### Exercise goal
When copying the data below, keep only the lines from the one with "При таком варианте" through the one with "Popularity of the", word for word, and skip the pictures.

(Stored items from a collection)
________

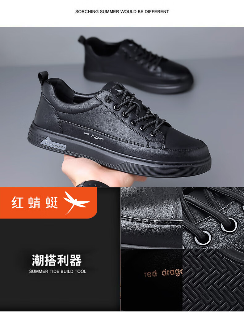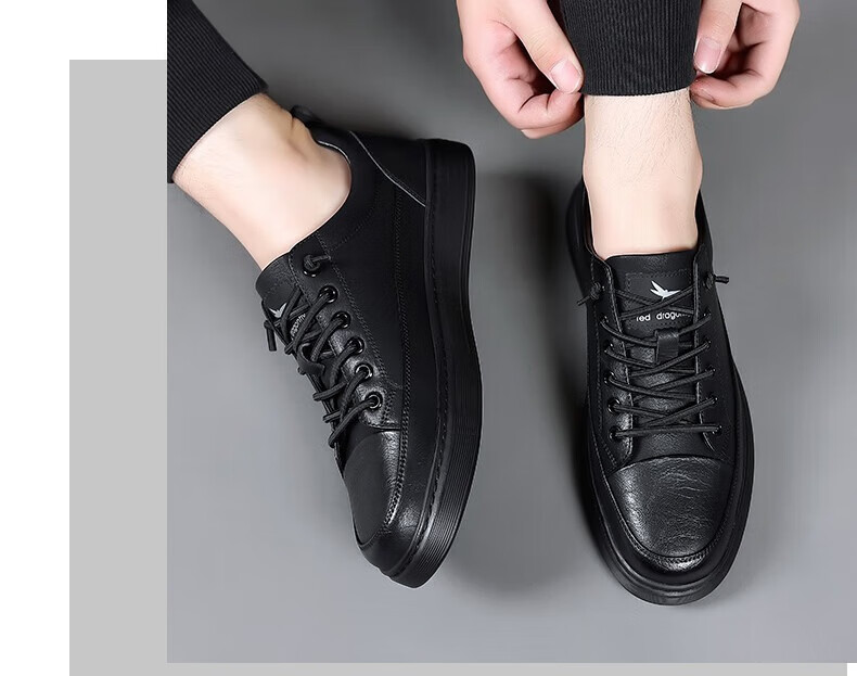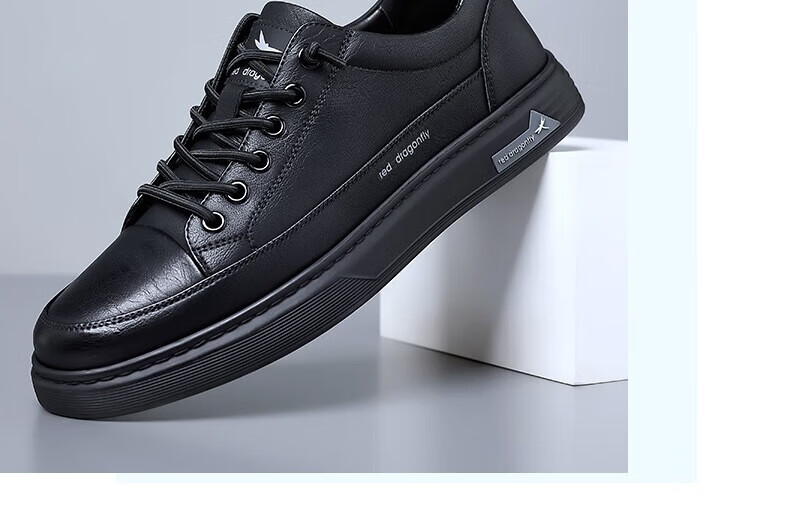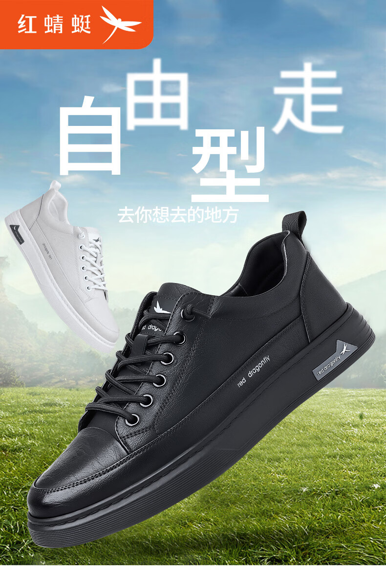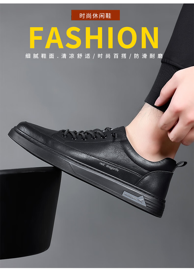 Red Dragonfly Men's Shoes Autumn New Fashion Genuine Leather Shoes Trendy Versatile Sports Casual Shoes Men's Slip-on Breathable Leather Shoes C02251667 Black 40 Standard Leather Shoe Size - Such as sports shoes wearing 41 and shooting 40
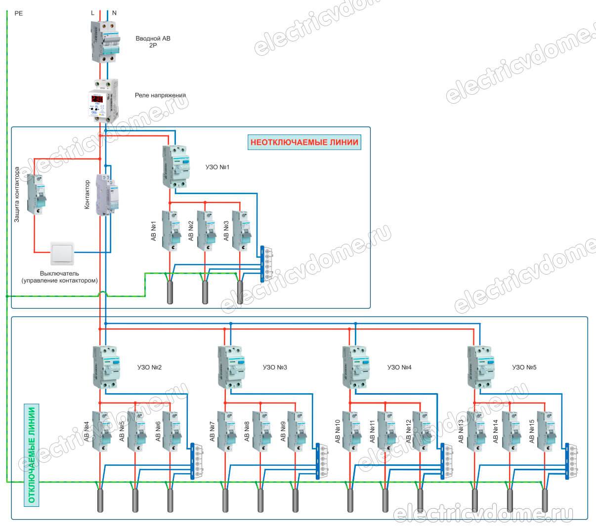 При таком варианте схемы установка УЗО производится после вводного автоматического выключателя и ещё на каждую отходящую линию.
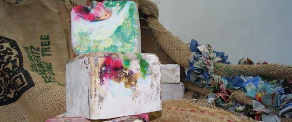 Her work takes from multiple disciplines including 3D sculpture which she used in her end of year show by creating large compositions made from recycled hessian sacks and other recycled materials that she printed on and draped over tables and chairs. Her theme was to explore colonialism and the coffee industry.
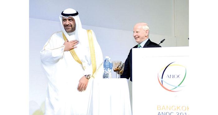 زكت الجمعية العامة الـ19 لاتحاد اللجان الاولمبية الوطنية (انوك) في اجتماعها الذي عقد في العاصمة التايلندية بانكوك الشيخ أحمد الفهد الاحمد الصباح رئيسا للاتحاد للسنوات الاربع المقبلة بصفته المرشح الوحيد للرئاسة.
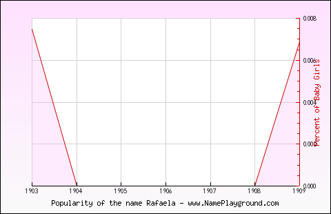 Popularity of the name Rafaela for GirlsFirst Year in the Top 1000: 1903 Last Year in the Top 1000: 1909 Average Age: 118.71 Highest Percentage: 0.007% in 1903 Best Rank: #808 (in 1903) Represented in the Top 1000 names in: 2 of 127 years (1.57%) Total* Female Population in Top 1000: 42 Percentage Of Babies Named RafaelaNote: Only names in the Top 1000 for each year are represented. [source] Values are normalized for boys and girls to compare trends (vertical scales differ for boys and girls).  Age Distribution of RafaelaAbout these totals.Female Population under 60: 0 (0.00%) Female Population under 50: 0 (0.00%) Female Population under 40: 0 (0.00%) Female Population under 30: 0 (0.00%) Female Population under 20: 0 (0.00%) Names Similar to RafaelaSimilar Male Names
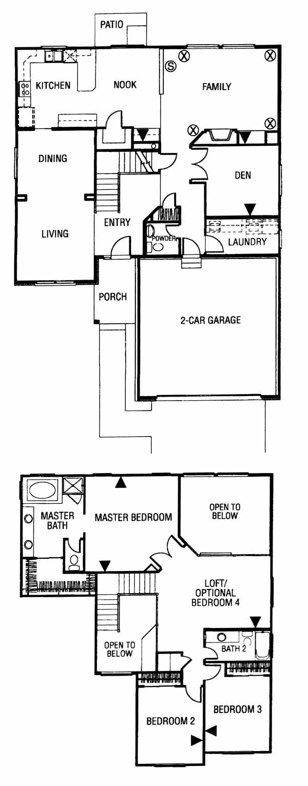 A two story entry greets you as you enter this wonderful home. On the main floor a there are formal living and dining rooms. Spacious kitchen with a nook and patio. Large soaring two-story family room with a stylish gas fireplace. French doors lead you to a den. On the second floor, there is a large Master Suite with a huge master bath and walk-in closet. The other two bedrooms are in the front of the home and share a bathroom. Loft or optional fourth bedroom.
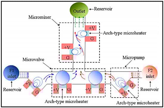 - Huang, C.; Tsou, C. The implementation of a thermal bubble actuated microfluidic chip with microvalve, micropump and micromixer. Sens. Actuators A: Phys. 2014, 210, 147–156. [Google Scholar] [CrossRef]
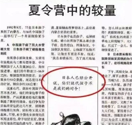 三十年前,有篇奇文《夏令营中的较量》,将中日孩子参加夏令营的表现,上升到两个国家兴衰存亡的高度,成为八零后挥之不去的记忆。
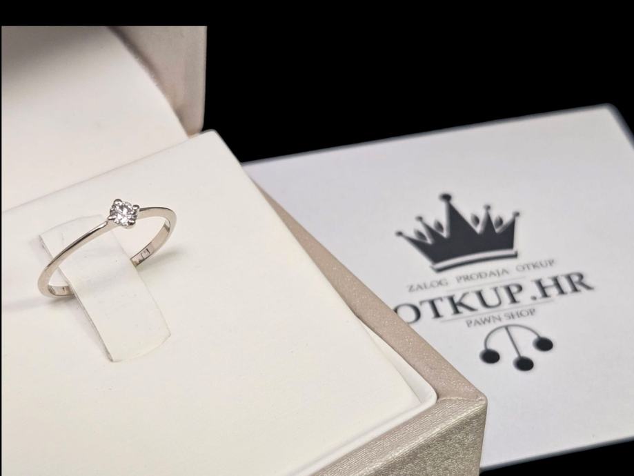 Prodajemo prsten od 14 karatnog bijelog zlata s dijamantom.
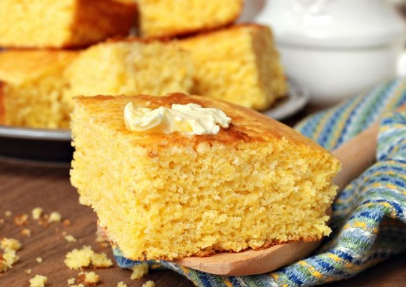 U dobivenu smjesu ubacite kukuruzno brašno, dobro promiješajte i onda smjesu ulijte u protvan. Stavite ga u zagrijanu pećnicu i pecite između 20 i 30 minuta. Kolač je gotov kad na površini poprimi zlatno-žutu boju i kad se odvoji od rubova protvana.
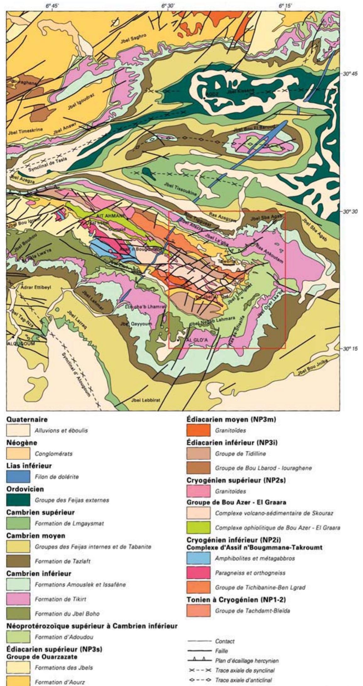 The Tifnoute valley Cu-Mo±Au mineral occurrences are located NW of Siroua massif in the central M... more The Tifnoute valley Cu-Mo±Au mineral occurrences are located NW of Siroua massif in the central Moroccan Anti-Atlas. This mineralization appears to be associated to the Imourkhssan granite and the Asskaoun granodiorite dated respectively 561 ± 3 and 558 ± 2 Ma. These highly potassic granitoids show an arc signature and are in-placed in an extensional tectonic setting typical of the post-collision Late Pan-African period. In places, these rocks are strongly to slightly affected by hydrothermal alterations of phyllic, propylitic and argillic types with development of a pyritic facies around the Imourkhssan granite. The mineralization can be divided into two types: A molybdenite mineralization and some sulphides spatially linked to the Imourkhssan granite. It is disseminated in the granite or appears in lamellar or pluri-millimetric fragments. It also occurs as spots and nets along chloritized fractures planes oriented NNE-SSW and dipping 40 to 60 SE. The paragenesis consists of molybdenite, pyrite, chalcopyrite and sphalerite. Talat N'Lbnour Cu-Au mineralization linked to NS fractures affecting Askaoun granodiorite. The vein is about 0.5 to 2 m thick that extends about 400 m. The mineralized fractures are filled essentially with quartz, siderite and chlorite. Metallographic study reveals a diverse paragenesis that consists of pyrite, chalcopyrite, gold, bornite and chalcocite. The secondary paragenesis consists of chalcopyrite, covellite, bornite, malachite, azurite and hematite. These features of these mineralizations are discussed in the context of an arc-type Cu-Mo±Au porphyry mineralization.
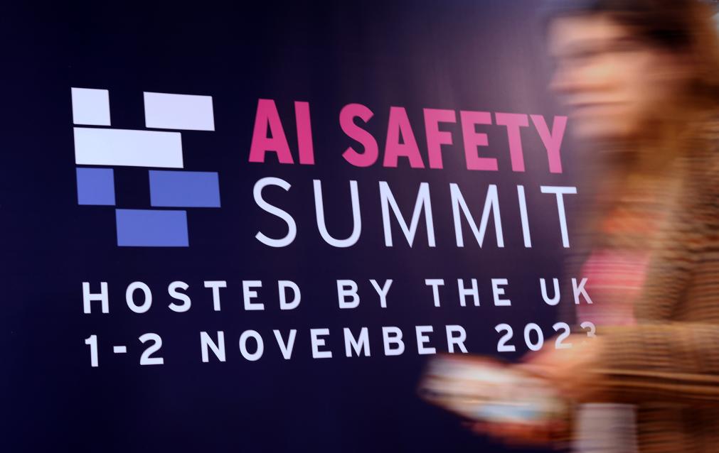 2023年11月2日,在英国布莱奇利园,一名参会者经过首届人工智能安全峰会的宣传展板。新华社记者李颖摄

________

### Output
 При таком варианте схемы установка УЗО производится после вводного автоматического выключателя и ещё на каждую отходящую линию.
 Her work takes from multiple disciplines including 3D sculpture which she used in her end of year show by creating large compositions made from recycled hessian sacks and other recycled materials that she printed on and draped over tables and chairs. Her theme was to explore colonialism and the coffee industry.
 زكت الجمعية العامة الـ19 لاتحاد اللجان الاولمبية الوطنية (انوك) في اجتماعها الذي عقد في العاصمة التايلندية بانكوك الشيخ أحمد الفهد الاحمد الصباح رئيسا للاتحاد للسنوات الاربع المقبلة بصفته المرشح الوحيد للرئاسة.
 Popularity of the name Rafaela for GirlsFirst Year in the Top 1000: 1903 Last Year in the Top 1000: 1909 Average Age: 118.71 Highest Percentage: 0.007% in 1903 Best Rank: #808 (in 1903) Represented in the Top 1000 names in: 2 of 127 years (1.57%) Total* Female Population in Top 1000: 42 Percentage Of Babies Named RafaelaNote: Only names in the Top 1000 for each year are represented. [source] Values are normalized for boys and girls to compare trends (vertical scales differ for boys and girls).  Age Distribution of RafaelaAbout these totals.Female Population under 60: 0 (0.00%) Female Population under 50: 0 (0.00%) Female Population under 40: 0 (0.00%) Female Population under 30: 0 (0.00%) Female Population under 20: 0 (0.00%) Names Similar to RafaelaSimilar Male Names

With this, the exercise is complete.